3. Plings-Web — a visible “Dela” button on the landing card
The object landing card gets a share button using the Web Share API
(navigator.share), with copy-to-clipboard as fallback, always sharing the clean
https://plings.io/o/{oid}. Right-sharing becomes the easiest action.
4. Plings-iOS — “Dela” in the object view
A ShareLink in the object detail view sharing https://plings.io/o/{oid}.
No scan machinery involved: the recipient lands on the public page with no
ScanEvent created and no geolocation prompt (no sid).
Documentation & decisions shipping with the code
- ADR (new, in the API PR): shared-link opens count as scans; the share URL is
the clean
/o/{oid};sidis single-use with a 15-minute TTL. docs/core-systems/s-plings-io/url-structure.md: document thesidsingle-use + TTL semantics and the landing-page URL cleanup.Plings-API/ROADMAP.mdBacklog: the future conflict-handling ideas (geo-plausibility filtering; nearby-known-tag device-trust challenge).- Flow doc: the Skanna flow doc (where present) is updated to describe the clean-URL behaviour and the share path.

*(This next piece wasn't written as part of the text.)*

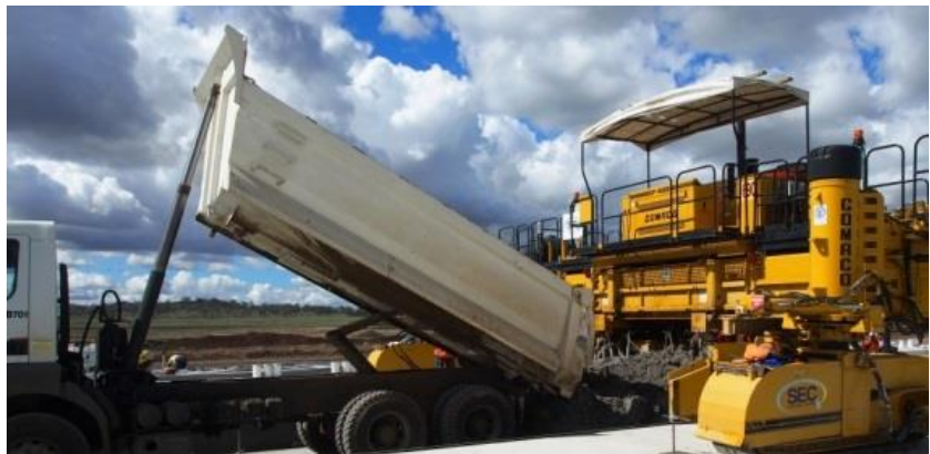
Figure 4. Geopolymer concrete delivery to slip form paver.
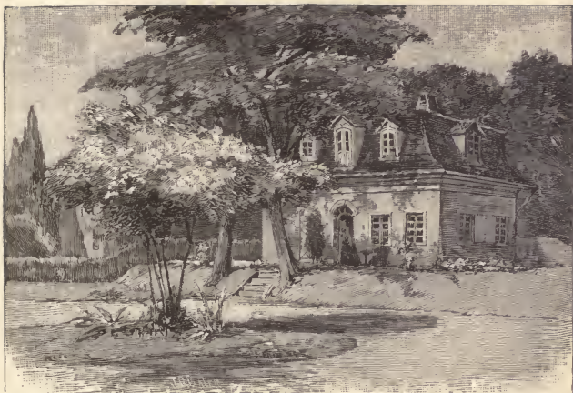
The House in the Garden at Gotha.

Scope, order, and verification
Three small PRs; merge API first (the sid guard is backward-compatible),
then Web; iOS is independent.
| Repo | Change | Verify |
|---|---|---|
| Plings-API | recordScanLocation single-use + TTL guard; ROADMAP Backlog entries; ADR |
poetry run pytest (new tests: already-has-coords rejected; older-than-TTL rejected; fresh event accepted) |
| Plings-Web | replaceState cleanup in ObjectLanding + /welcome; Dela button; url-structure doc |
npx tsc --noEmit + npm run build; manual: scan → address bar is clean → reload works → share sheet gives clean URL |
| Plings-iOS | ShareLink in object detail | swift test + build; on-device check |
Non-goals
- Detecting shared-link clicks server-side (heuristics rejected as unreliable).
- Any change to Gateway routing or ScanEvent creation semantics (Leak B accepted).
- Interaction-gated scanning (“I am at the object” confirmation) — rejected: friction on every genuine scan contradicts the fewest-actions north star.